Required action »
Take the line containing "- Stretch Classic" and all lines after it, through the end of the material, and repeat them exactly, pictures left out.

== Segment start ==

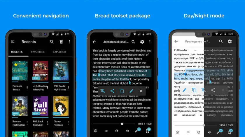 FullReader (trước đây là FReader) là một ứng dụng đọc sách nổi tiếng và được ra mắt gần đây. Hỗ trợ nhiều loại tệp sách điện tử cũng như những loại ít phổ biến hơn như CBR và CBZ (truyện tranh), cùng với MP3 cho sách nói. Giao diện người dùng cổ điển và bố cục đơn giản. Một số tính năng khác bao gồm hỗ trợ sao lưu đám mây với Google Drive và Dropbox, chế độ tối AMOLED và trình dịch hoạt động với 95 ngôn ngữ. Ứng dụng này hoàn toàn miễn phí. Có thể đóng phí(không bắt buộc) nếu bạn muốn hỗ trợ việc phát triển app.
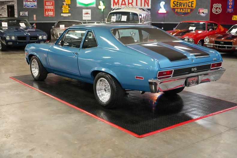 This 1972 Chevrolet Nova is a serious street machine built for performance. Powered by a 350 Small Block Chevy V8 with aluminum heads, it's backed by a TH400 automatic transmission and a 12-bolt POSI rear with aggressive 4.11 gears. Long tube headers, an Edelbrock aluminum intake, Brawler 4-barrel carburetor, HEI ignition, and aluminum radiator enhance power and reliability. Equipped with power steering, power brakes, and front disc brakes, it offers confident control. The black vinyl interior keeps it classic, while 15-inch American Racing Outlaw wheels and staggered Cooper tires complete the stance. Finished in blue with black stripes, this Nova means business.
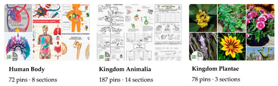 The board on the human body (https://pin.it/4ShAVVE accessed on 12 January 2021) only had 68 contributions, which were divided into eight sections, which were the organs of the body, the nervous system, locomotor apparatus, the reproductive system, the respiratory system, the digestive system, the circulatory system, and the excretory system.
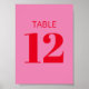 Bold Typography Bright Pink and Red Modern Bat Mitzvah Table Number Sign
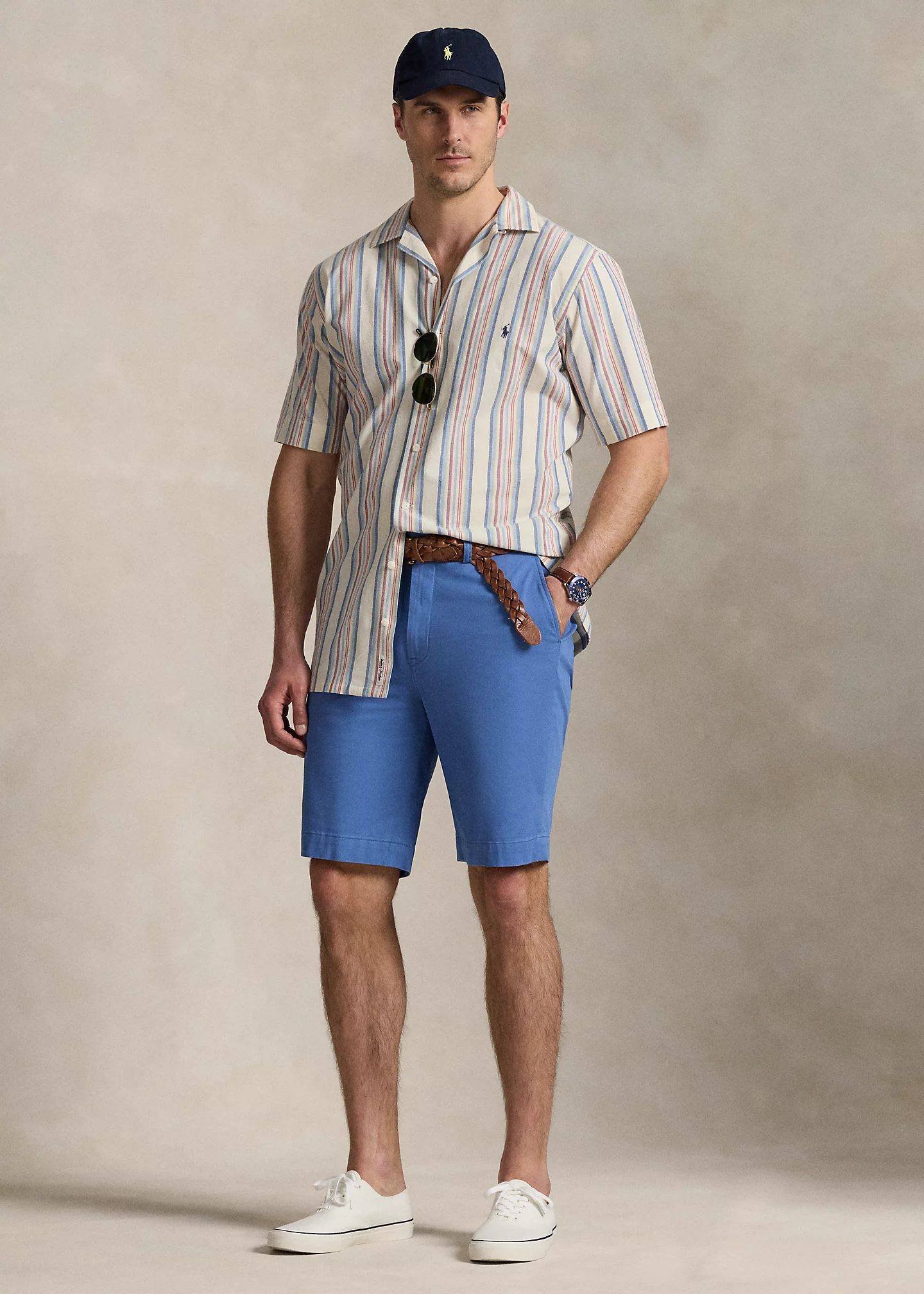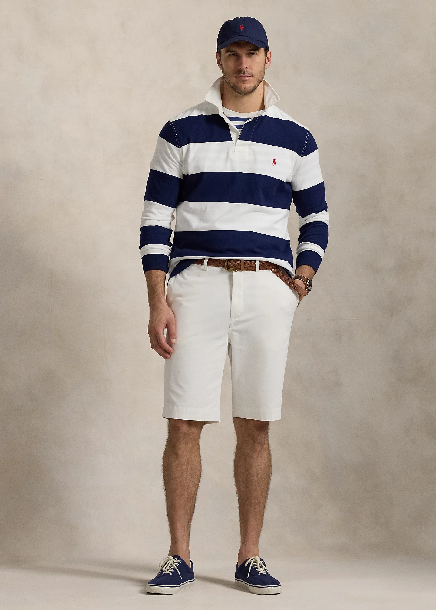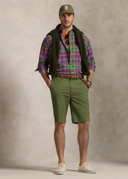 - Stretch Classic Fit: sits at the waist. Eased through the leg.
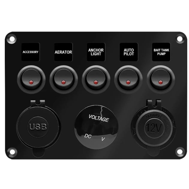 Αδιάβροχο Ψηφιακό Πάνελ Ελέγχου 12V με 5 Διακόπτες, Βολτόμετρο & USB - Για Σκάφη, Αυτοκίνητα - Panel Marine
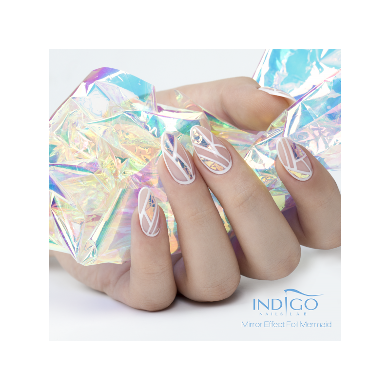 Mermaid Mirror Effect Foil is een glinsterende folie die het effect geeft van zilveren en paarse glazen nagelsSnijd het in kleine reepjes en leg ze op een laag eiwitbasis om ze te korsten. Een andere stijl dan de Transfer Foil!
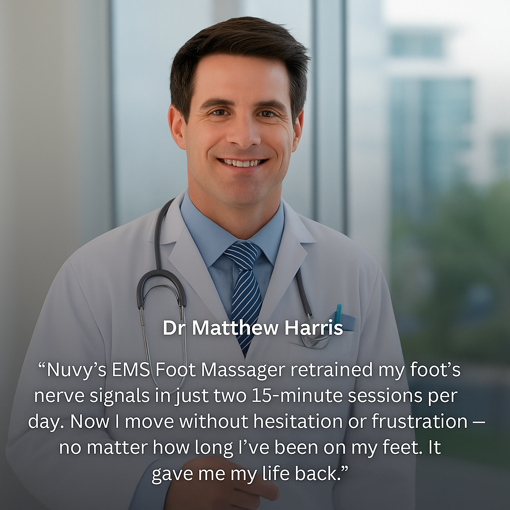 Unlike circulation boosters or cheap foot pads that only vibrate, the Nuvy™ EMS Foot Massager targets the small, overlooked muscles that lift and stabilize your foot. By restoring clear nerve-to-muscle communication, it helps your feet “remember” how to move when you need them most.
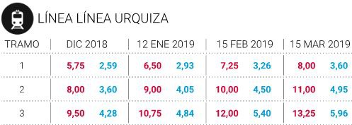截止至目前,这些线路的最低票价均为5.75比索;明天(一月12日)起将涨至6.50比索;二月15日起将涨至7.25比索;最终在三月涨至8比索。
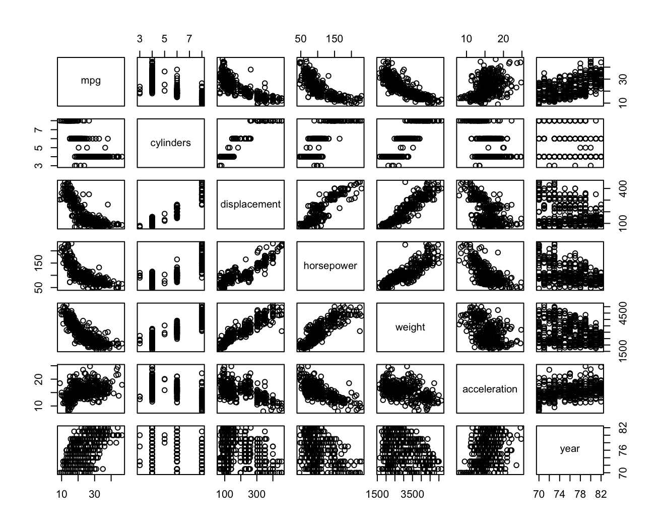 Autodata set. Is there evidence for non-linear relationships in this data set? Create some informative plots to justify your answer.library(ISLR2) attach(Auto) pairs(Auto[1:7])
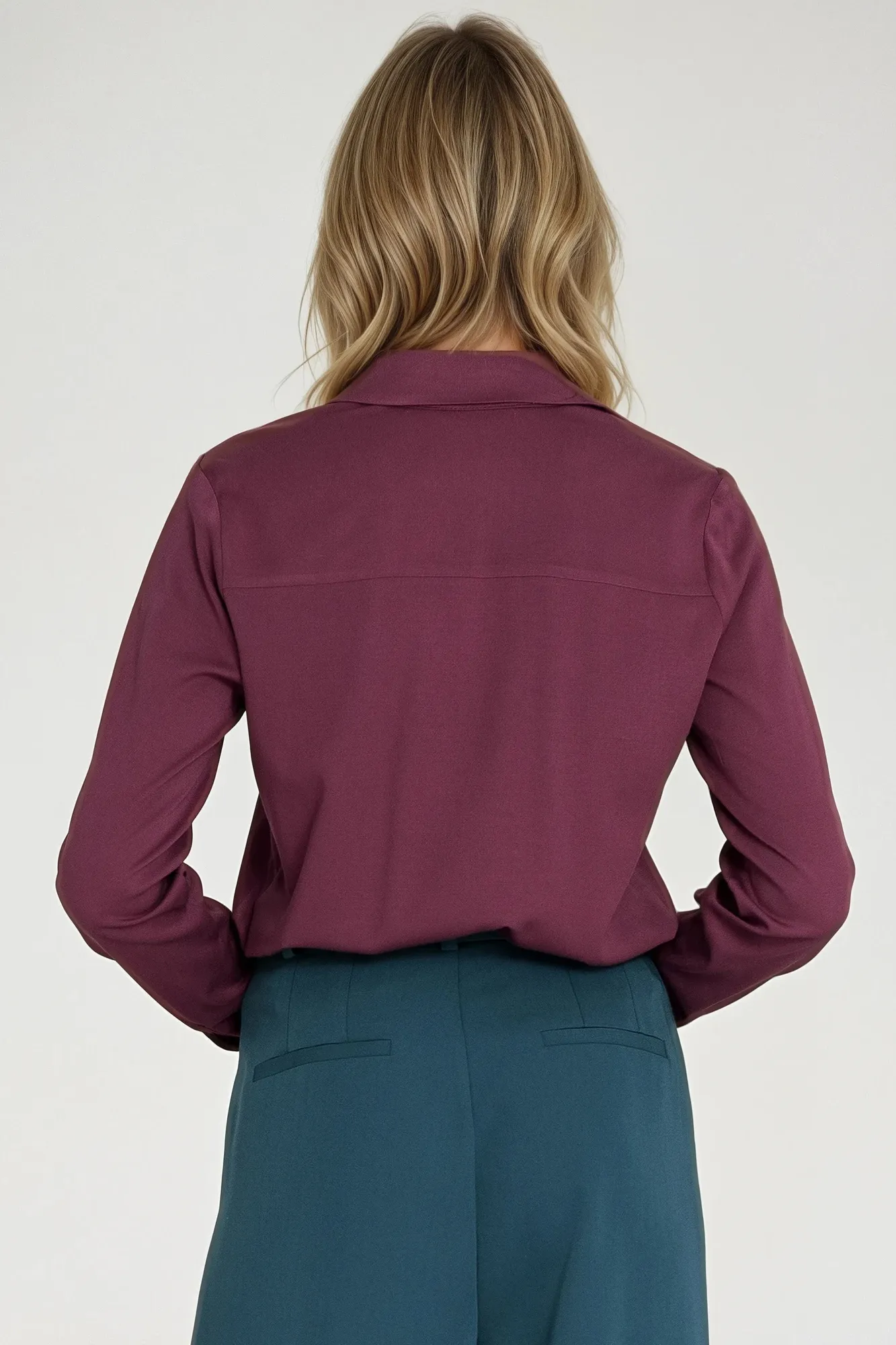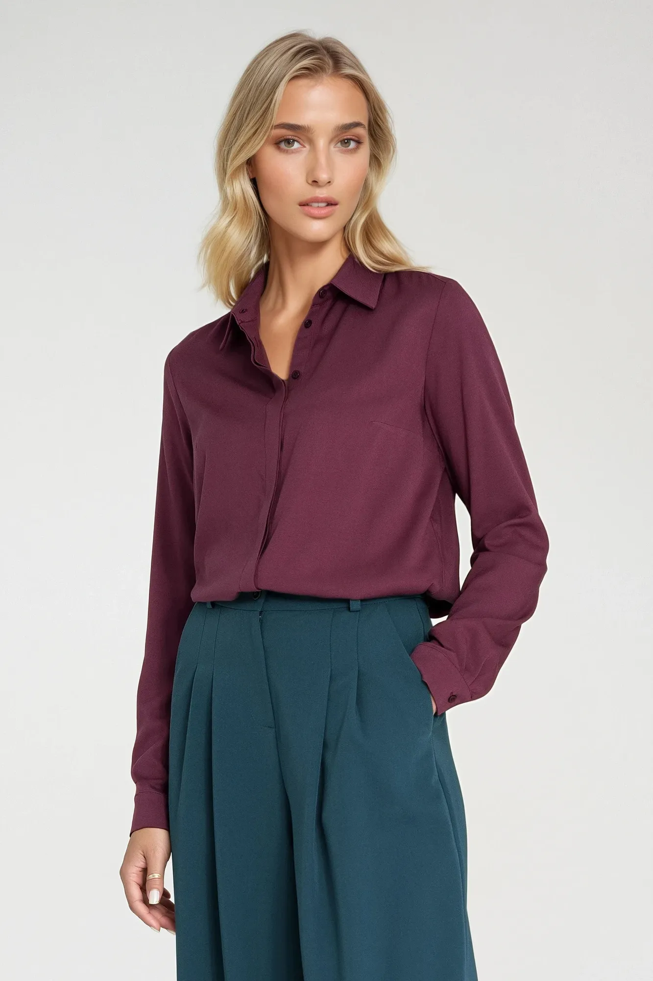 Krój regular. Materiał wiskoza. Z kołnierzykiem. Długi rękaw zakończony mankietem. Zapinana na guziki z kryta plisą.

== Segment end ==

Answer to the problem »
 - Stretch Classic Fit: sits at the waist. Eased through the leg.
 Αδιάβροχο Ψηφιακό Πάνελ Ελέγχου 12V με 5 Διακόπτες, Βολτόμετρο & USB - Για Σκάφη, Αυτοκίνητα - Panel Marine
 Mermaid Mirror Effect Foil is een glinsterende folie die het effect geeft van zilveren en paarse glazen nagelsSnijd het in kleine reepjes en leg ze op een laag eiwitbasis om ze te korsten. Een andere stijl dan de Transfer Foil!
 Unlike circulation boosters or cheap foot pads that only vibrate, the Nuvy™ EMS Foot Massager targets the small, overlooked muscles that lift and stabilize your foot. By restoring clear nerve-to-muscle communication, it helps your feet “remember” how to move when you need them most.
截止至目前,这些线路的最低票价均为5.75比索;明天(一月12日)起将涨至6.50比索;二月15日起将涨至7.25比索;最终在三月涨至8比索。
 Autodata set. Is there evidence for non-linear relationships in this data set? Create some informative plots to justify your answer.library(ISLR2) attach(Auto) pairs(Auto[1:7])
 Krój regular. Materiał wiskoza. Z kołnierzykiem. Długi rękaw zakończony mankietem. Zapinana na guziki z kryta plisą.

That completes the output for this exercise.